Inkinen will always remember the excitement of financial security he felt back in 2008, but stipulates the thrill was fleeting. It’s not in his nature to be “money-driven,” the executive says.
“This feeling of money bringing happiness disappeared in less than two or three days. I was like, ‘Okay, well, it’s nice that I have no debt,’” Inkinen explains. “Money isn’t going to make my life or break it, and it’s not going to bring happiness.”
Story Continues
Many may scoff at the idea that money can’t buy happiness, but for Inkinen, a good quality of life is what he’s really looking for.
Growing up in Finland, he had a litany of social services at his fingertips. The country’s healthcare system is largely free, funded by public tax dollars; and all levels of education, from primary school up through college, comes at no cost to its pupils. It may be part of the reason why Finland consistently ranks as one of the happiest countries in the world and took the top spot last year. Inkinen says that culture instilled an inclination towards non-material happiness.
“Personally, I’ve never been money-driven [because] in Finland [we have] free education, free healthcare. I’ve always felt I’ve had everything I need. I was happy with very little,” the Virta Health CEO says. “I’ve always felt like I’ve had enough. I was 37 years old when I bought my first car. I wasn’t like, ‘Oh, I can buy the coolest car and drive around in circles.’”
And his mindset didn’t budge when hundreds of thousands of dollars flowed into his bank account. It’s no matter if he scores big by selling his shares, or triumphs and opens the New York Stock Exchange. Inkinen always has his eye on the prize: growing as a major contender in Silicon Valley.
“It wasn’t like, ‘Oh, it’s sold, now everything changes.’ The money and one-time ringing the bell at the IPO wasn’t really anything for me,” Inkinen continues. “I luckily got to experience that I can pay my student debt with a single check. And then after that, I really haven’t thought of money.”

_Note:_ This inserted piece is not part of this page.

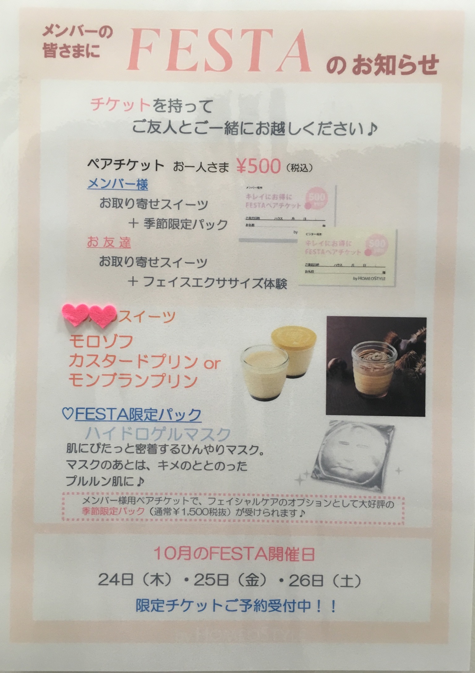 HOMEO BLOGホメオスタイルのブログ ハウスブログ 新宿 2019.10.15 新宿 新宿ハウス10月のFESTAも🍮 皆さんこんにちは😃10月ハロウィン🎃月のFESTAは、 24(木),25(金),26(土)の3日間です✨大好評の季節のパック ハイドロゲルマスクは 今回までとなります。また、スィーツは先月好評だったモロゾフのモンブランプリンorカスタードプリンです😆✨ Share Post: カテゴリー コラム 一覧 計量スプーンも包丁もいらない♪ 超カンタン&おいしい元気回復系スムージー アリーのHOMEO LIFE~私のお腹の中を覗いてみる。~ 「夏のスキンケア」 カラダがほしがる水 大人の夏肌は(๑•̀ㅂ•́)و✧ 細胞力をUPしましょう☆彡 今年の夏旅におすすめ ハウスブログ 一覧 6月のスケジュールです✨️ eコンクファンタスティック2023✨️ マルチオイル美容液💧 新城ハウスです🎏 5月のスケジュール🎏 米沢ハウス☘️5月スケジュール 下書き東北仙台伊達福島山形米沢関東横浜銀座新宿土浦大宮東海浜松浜北豊橋新城田原湖西名古屋岡崎西尾吉良信越・北陸長野北長野千曲松本上田佐久中野上越あらい関西大阪京都奈良吉野中国倉敷岡山福山 最近の投稿 6月のスケジュールです✨️ 2023.5.31 eコンクファンタスティック2023✨️ 2023.5.18 マルチオイル美容液💧 2023.5.8 新城ハウスです🎏 2023.5.7 5月のスケジュール🎏 2023.5.2 人気の投稿 洋服の歴史 22 views 新春♪すごろく 10 views 上田わっしょい♪ 10 views <地域限定コラボ> 地域の皆様だけのお得な話♪【 Vol.8仙台 】 9 views 雪やこんこ♪ 8 views ☆山梨銘菓 かねたまる餅☆ 8 views β2AR遺伝子 8 views 田原市銘菓 8 views 額のシワが。。。浅く?!深いしわのケアに♪ 7 views #ぴよりんチャレンジ☆ 7 views アーカイブ 2023 6月のスケジュールです✨️ eコンクファンタスティック2023✨️ マルチオイル美容液💧 新城ハウスです🎏 5月のスケジュール🎏 2022 皆様をお出迎え(^^♪ 今年もありがとうございました。 1月のスケジュール🎍 1月のスケジュール 佐久1月 スケジュ-ル 2021 2021年ありがとうございました ありがとうございました✨ 本年もありがとうございました🍀 年末好例!!お餅つき 大阪ハウスより感謝の気持ちを込めて・・・💛 2020 2020年もありがとうございました☆ 2021年もよろしくお願い致します🐄 予告!21年2月に腸内フローラチェックが受けられます。 嬉しいお声! ホメオスタイル大宮1月スケジュール 2019 1月のスケジュール 年末年始に菌活🎶 大晦日 ありがとうございました。 大晦日♪ 2018 2018年も、ありがとうございました。 奈良ハウスの門松 2018年ありがとうございました ~2019:1月スケジュール~ 1月スケジュール 2017 2017年良いお年を✨岡山ハウス ハーバリウム♪ 有馬温泉 冬の御堂筋 ありがとうございました😊❤ 2016 今年も一年ありがとうございました⭐️ 大晦日 長野ハウス★今年も一年ありがとうございました! 12月30日(金) 仙台ハウスより 美活のための年末大掃除

There’s a lot of comfort that comes with wealth; the ultra-rich don’t have to worry about making rent, saving up for retirement, or repaying tuition debt. But happiness maxes out past a certain point—which experts have estimated to be around $500,000 in annual income. And founders who have escaped dire financial situations and came out the other side victorious are adding their two cents.
Shark Tank investing icon Barbara Corcoran admitted that the old adage that “money doesn’t buy happiness” is actually true. The entrepreneur, who sold her real estate company Corcoran Group for $66 million, said she’s perfectly suited to speak on the issue: “I know because I’ve been poor. And I’ve been rich. And I’ve been in between. So I can speak to both.”
“You start looking toward the next thing that money’s gonna buy,” Corcoran told CNBC in 2023. “I’m no happier today than I was when I was dirt poor. You think something would have changed? No, I’m still insecure about the same things. I’m still nervous about the same things.”
Similarly, investing legend Warren Buffett may be worth $146 billion, but his spending habits aren’t nearly as outrageous as the figure in his bank account. The Oracle of Omaha famously still lives in the same modest Nebraska home he purchased for $31,500 back in 1958; Buffett also drove a 20-year-old car around town in lieu of a sportier option. The former Berkshire Hathaway CEO clipped coupons and took his billionaire peers out to McDonald’s while sitting atop a multi-generational fortune.
“I do not think that standard of living equates with cost of living beyond a certain point,” Buffett said at a Berkshire Hathaway shareholders meeting in 2014. “My life would not be happier…it’d be worse if I had six or eight houses or a whole bunch of different things I could have. It just doesn’t correlate.”